#### Work item:
From the first line to the last, copy the listing exactly and omit the images.

──────── Stored data

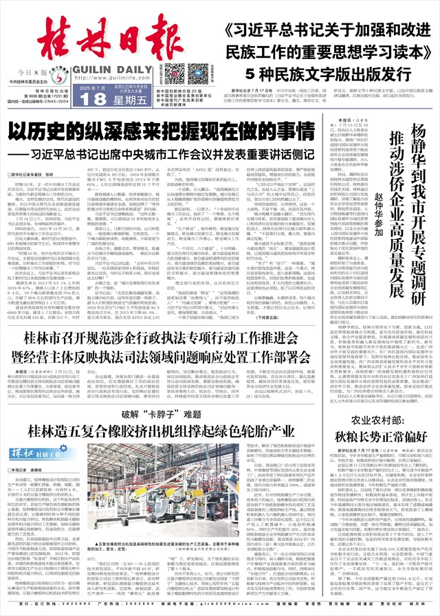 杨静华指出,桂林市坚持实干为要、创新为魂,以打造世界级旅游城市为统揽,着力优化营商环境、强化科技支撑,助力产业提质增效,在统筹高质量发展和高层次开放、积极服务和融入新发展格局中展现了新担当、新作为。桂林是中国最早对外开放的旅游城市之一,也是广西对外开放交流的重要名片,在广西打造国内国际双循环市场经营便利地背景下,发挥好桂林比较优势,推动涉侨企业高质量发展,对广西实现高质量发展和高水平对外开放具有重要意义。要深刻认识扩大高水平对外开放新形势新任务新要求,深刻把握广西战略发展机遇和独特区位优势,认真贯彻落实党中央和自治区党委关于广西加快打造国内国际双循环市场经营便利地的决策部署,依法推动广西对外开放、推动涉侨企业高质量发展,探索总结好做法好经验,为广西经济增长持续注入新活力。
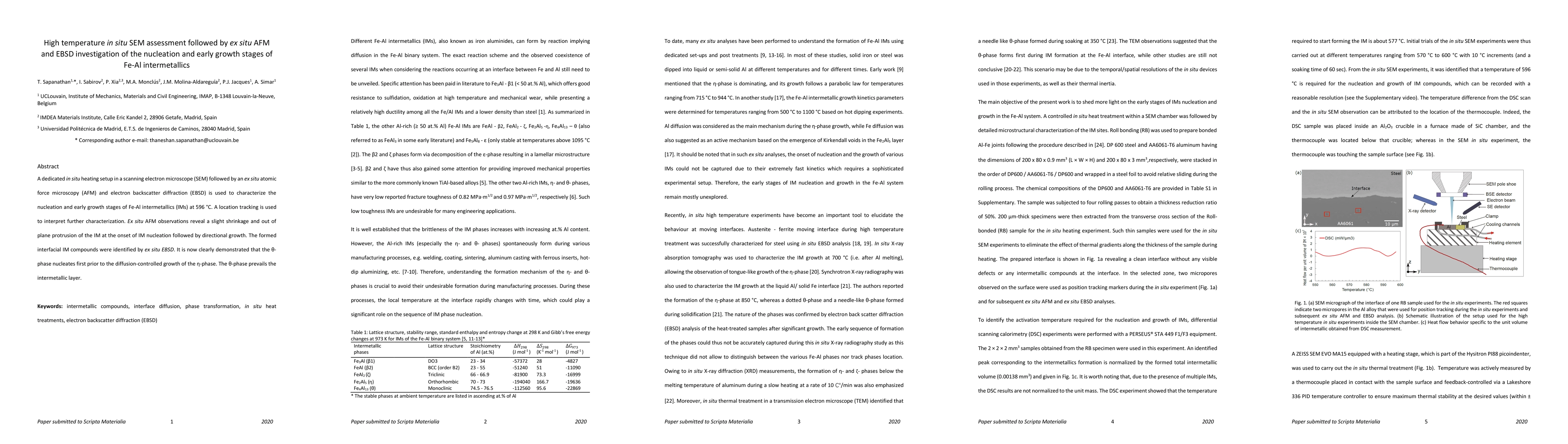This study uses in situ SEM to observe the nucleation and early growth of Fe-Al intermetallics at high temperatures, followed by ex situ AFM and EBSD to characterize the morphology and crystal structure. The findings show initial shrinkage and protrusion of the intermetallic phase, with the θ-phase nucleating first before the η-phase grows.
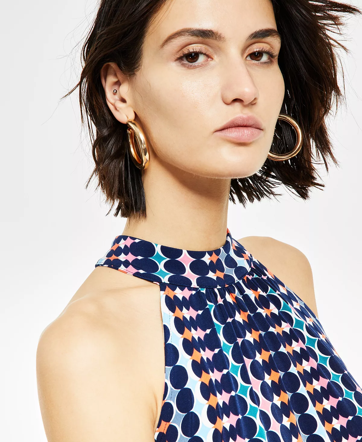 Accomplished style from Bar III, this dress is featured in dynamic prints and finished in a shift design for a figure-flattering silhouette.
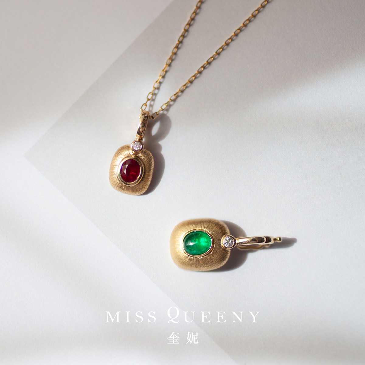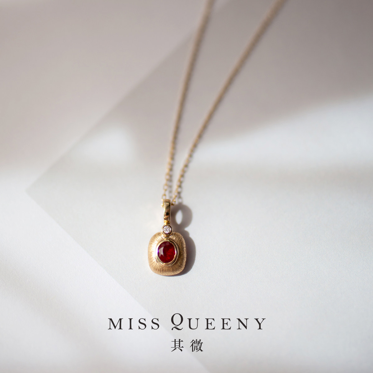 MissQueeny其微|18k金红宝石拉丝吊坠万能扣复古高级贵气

────────────────

#### Finished task:
 杨静华指出,桂林市坚持实干为要、创新为魂,以打造世界级旅游城市为统揽,着力优化营商环境、强化科技支撑,助力产业提质增效,在统筹高质量发展和高层次开放、积极服务和融入新发展格局中展现了新担当、新作为。桂林是中国最早对外开放的旅游城市之一,也是广西对外开放交流的重要名片,在广西打造国内国际双循环市场经营便利地背景下,发挥好桂林比较优势,推动涉侨企业高质量发展,对广西实现高质量发展和高水平对外开放具有重要意义。要深刻认识扩大高水平对外开放新形势新任务新要求,深刻把握广西战略发展机遇和独特区位优势,认真贯彻落实党中央和自治区党委关于广西加快打造国内国际双循环市场经营便利地的决策部署,依法推动广西对外开放、推动涉侨企业高质量发展,探索总结好做法好经验,为广西经济增长持续注入新活力。
This study uses in situ SEM to observe the nucleation and early growth of Fe-Al intermetallics at high temperatures, followed by ex situ AFM and EBSD to characterize the morphology and crystal structure. The findings show initial shrinkage and protrusion of the intermetallic phase, with the θ-phase nucleating first before the η-phase grows.
 Accomplished style from Bar III, this dress is featured in dynamic prints and finished in a shift design for a figure-flattering silhouette.
 MissQueeny其微|18k金红宝石拉丝吊坠万能扣复古高级贵气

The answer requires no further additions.